Works in both languages.

Translation of: Python
procedure main(A)
every write("Permutations of length ",n := !A) do
every p := permute(n) do write("\t",showList(p[1])," -> ",right(p[2],2))
end
 
procedure permute(n)
items := [[]]
every (j := 1 to n, new_items := []) do {
every item := items[i := 1 to *items] do {
if *item = 0 then put(new_items, [j])
else if i%2 = 0 then
every k := 1 to *item+1 do {
new_item := item[1:k] ||| [j] ||| item[k:0]
put(new_items, new_item)
}
else
every k := *item+1 to 1 by -1 do {
new_item := item[1:k] ||| [j] ||| item[k:0]
put(new_items, new_item)
}
}
items := new_items
}
suspend (i := 0, [!items, if (i+:=1)%2 = 0 then 1 else -1])
end
 
procedure showList(A)
every (s := "[") ||:= image(!A)||", "
return s[1:-2]||"]"
end

Sample run:

->pbs 3 4
Permutations of length 3
        [1, 2, 3] -> -1
        [1, 3, 2] ->  1
        [3, 1, 2] -> -1
        [3, 2, 1] ->  1
        [2, 3, 1] -> -1
        [2, 1, 3] ->  1
Permutations of length 4
        [1, 2, 3, 4] -> -1
        [1, 2, 4, 3] ->  1
        [1, 4, 2, 3] -> -1
        [4, 1, 2, 3] ->  1
        [4, 1, 3, 2] -> -1
        [1, 4, 3, 2] ->  1
        [1, 3, 4, 2] -> -1
        [1, 3, 2, 4] ->  1
        [3, 1, 2, 4] -> -1
        [3, 1, 4, 2] ->  1
        [3, 4, 1, 2] -> -1
        [4, 3, 1, 2] ->  1
        [4, 3, 2, 1] -> -1
        [3, 4, 2, 1] ->  1
        [3, 2, 4, 1] -> -1
        [3, 2, 1, 4] ->  1
        [2, 3, 1, 4] -> -1
        [2, 3, 4, 1] ->  1
        [2, 4, 3, 1] -> -1
        [4, 2, 3, 1] ->  1
        [4, 2, 1, 3] -> -1
        [2, 4, 1, 3] ->  1
        [2, 1, 4, 3] -> -1
        [2, 1, 3, 4] ->  1
->

[edit] J

J has a built in mechanism for representing permutations (which is designed around the idea of selecting a permutation uniquely by an integer) but it does not seem seem to have an obvious mapping to Steinhaus–Johnson–Trotter. Perhaps someone with a sufficiently deep view of the subject of permutations can find a direct mapping?
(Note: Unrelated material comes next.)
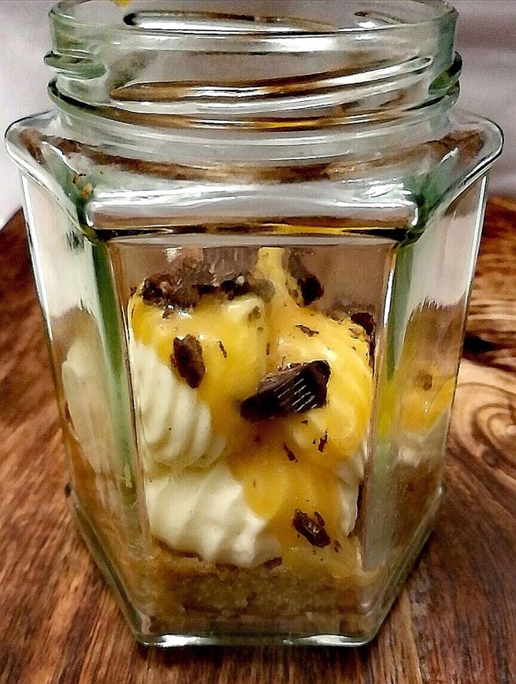 Lag gjerne desserten klar dagen i forveien og topp med karamellsaus og mørk finhakket sjokolade rett før servering. Jeg har brukt Freia Premium 86% sjokolade og bruker sprøytepose til ostekremen.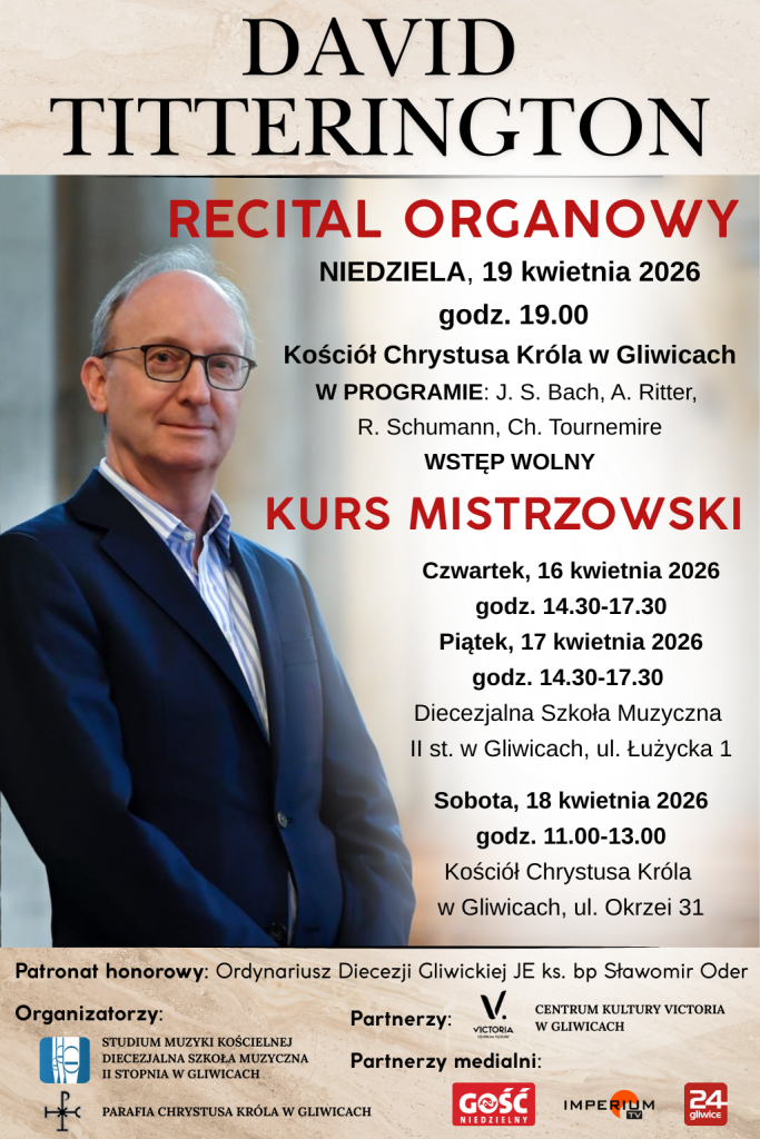 David Titterington to wybitny brytyjski organista, kierownik katedry organów w Królewskiej Akademii Muzycznej w Londynie, dyrektor artystyczny Międzynarodowego Festiwalu Organowego w St Albans oraz profesor Uniwersytetu Londyńskiego. Studiował na Uniwersytecie Oksfordzkim, po czym kontynuował naukę w Paryżu pod kierunkiem Marie-Claire Alain i Susan Landale w Conservatoire de Reuil-Malmaison, gdzie otrzymał nagrodę „Premier Prix”. Kształcił się także w Pradze u wybitnego kompozytora Petra Ebena, dokonując prawykonań jego utworów. Międzynarodowa kariera Davida Titteringtona obejmuje występy na najważniejszych festiwalach świata, od Sydney i Hongkongu po liczne estrady europejskie. Regularnie koncertuje w prestiżowych salach, takich jak Royal Albert Hall czy Royal Festival Hall. Słynie z prawykonań dzieł współczesnych kompozytorów, m.in. Diany Burrell, Petera Dickinsona, Paula Pattersona, Sally Beamish. czy Stephena Montague. Przez osiemnaście lat prowadził coroczne kursy mistrzowskie i recitale podczas Dartington International Summer School. Jako pedagog i promotor młodych talentów jest profesorem wizytującym na uczelniach w Tokio i Seulu oraz współzałożycielem fundacji Eric Thompson

Meanwhile, here's an inductive approach, using negative integers to look left and positive integers to look right:

bfsjt0=: _1 - i.
lookingat=: 0 >. <:@# <. i.@# + *
next=: | >./@:* | > | {~ lookingat
bfsjtn=: (((] <@, ] + *@{~) | i. next) C. ] * _1 ^ next < |)^:(*@next)

Here, bfsjt0 N gives the initial permutation of order N, and bfsjtn^:M bfsjt0 N gives the Mth Steinhaus–Johnson–Trotter permutation of order N. (bf stands for "brute force".)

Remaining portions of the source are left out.